In the manufacturer approach, the expected success of these extensions is attributable to the transfer of marketing expertise, that is using the same marketing knowledge for similar products, and substitutability, that is substitutes have similar consequences.
Lifestyle and values
Brand extensions can also be based on the same lifestyle and values. Dunhill was originally a cigarette brand, but the brand Dunhill is now also used for completely different products such as expensive lighters, jewellery and watches. Ray Ban was originally a brand of sunglasses, but now this brand is also seen on skis and ski clothing.

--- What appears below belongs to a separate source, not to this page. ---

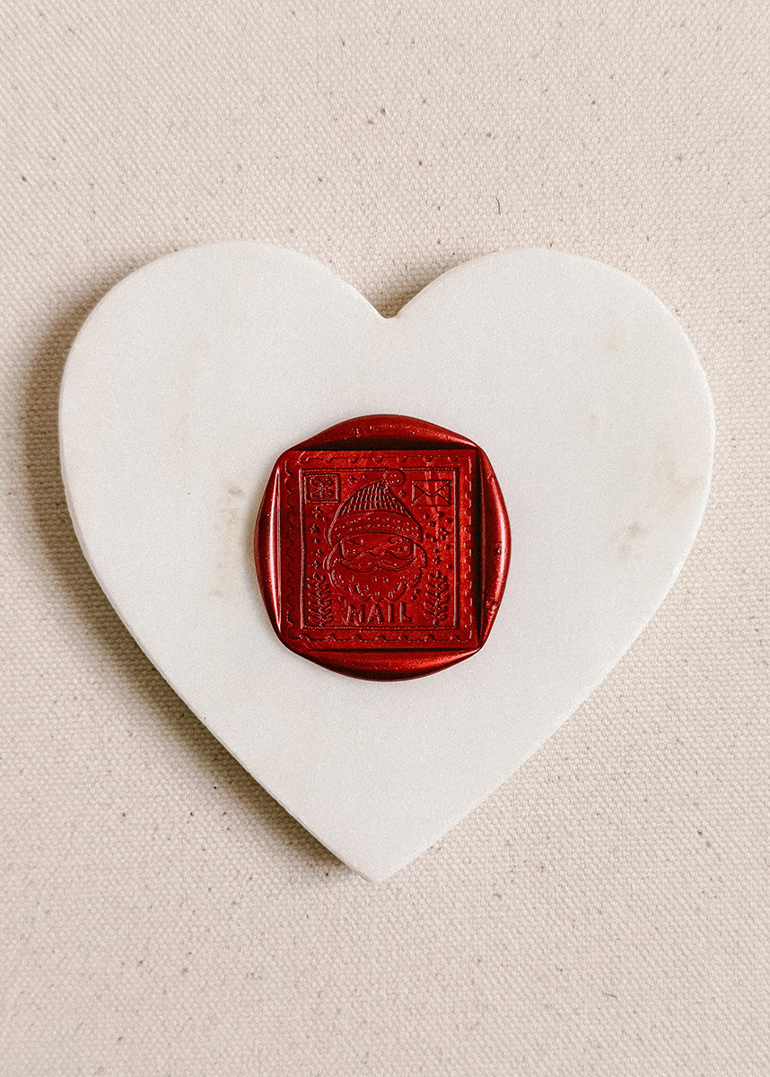 Our Santa Postage wax stamp features a friendly Santa Claus wearing a cozy, patterned hat set against a festive background and framed by a decorative postage stamp border. Add a special touch to your cards and invitations this holiday season.

There are brand Porsche sunglasses. Swatch is planning to release artistic and lively coloured city cars under the brand Smart, produced by Mercedes. These brand extensions appeal to a certain target group striving for certain values and a certain lifestyle and who use these brands to express their identity. From the manufacturer’s viewpoint, these extensions are expected to benefit from the transfer of brand image.

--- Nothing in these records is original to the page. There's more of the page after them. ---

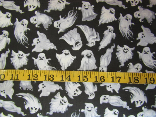 Halloween Spooky Flying Ghosts on Black 100% Cotton Fabric Price Per Yard
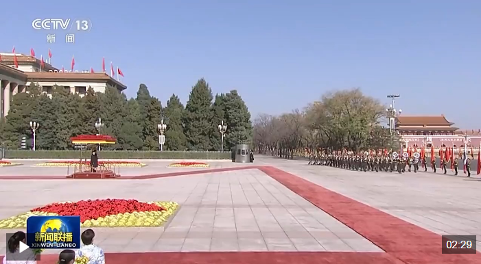 会见前,习近平和夫人彭丽媛在人民大会堂东门外广场为哇集拉隆功和王后素提达举行欢迎仪式。
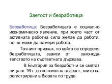 Заетост и безработица Безработица Безработицата е социалноикономическо явление
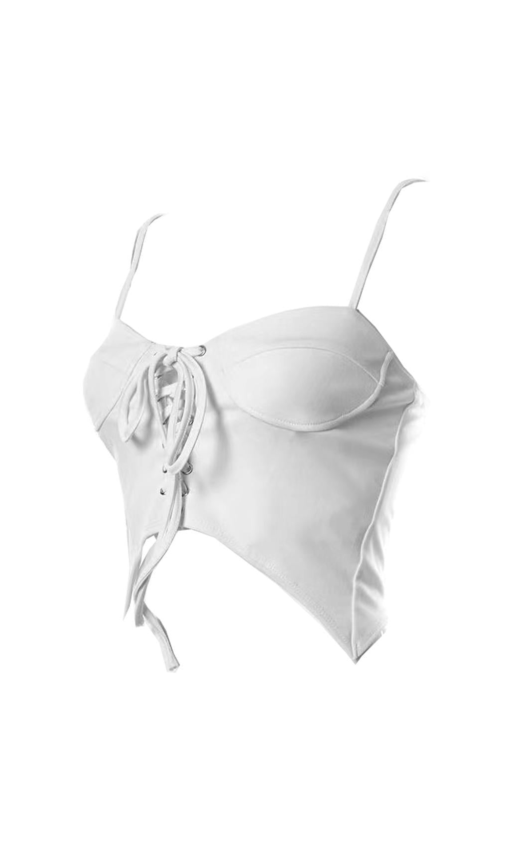 Backless lace-up tank top.

Extending brands successfully
Brand extensions are not always successful. A good brand extension must adhere to certain conditions.

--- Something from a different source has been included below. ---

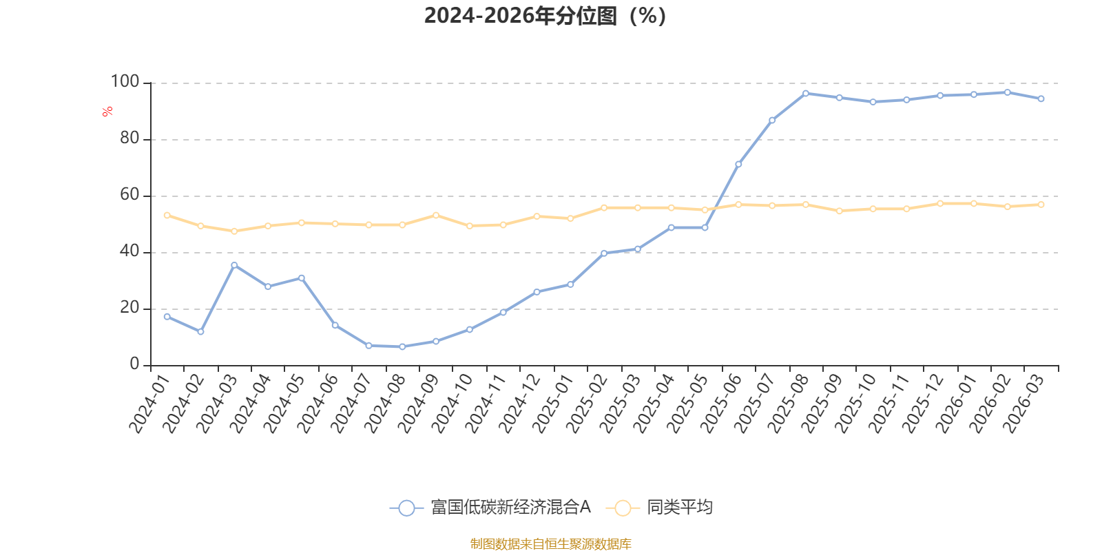 通过所选区间该基金净值增长率分位图,可以观察该基金与同类基金业绩比较情况。图为坐标原点到区间内某时点的净值增长率在同类基金中的分位数。

• Favourable existing schema There must be a positive schema concerning the formal category of the original brand. In this case, positive associations can be conveyed. An Apple PC is seen as a user-friendly PC of high quality.
Table 5.2 Levels of brand extension
Type of brand extension Meaning structure Marketing technical elements Line extension, technical substitute Characteristics level Production transfer
Similar or complementary consequences, Consequences level Marketing transfer, substitutability usage in similar situations
Similar target group or lifestyle Value level Brand image transfer, brand concept transfer
• Favourable forward transfer A positive schema should be generalisable to the new product.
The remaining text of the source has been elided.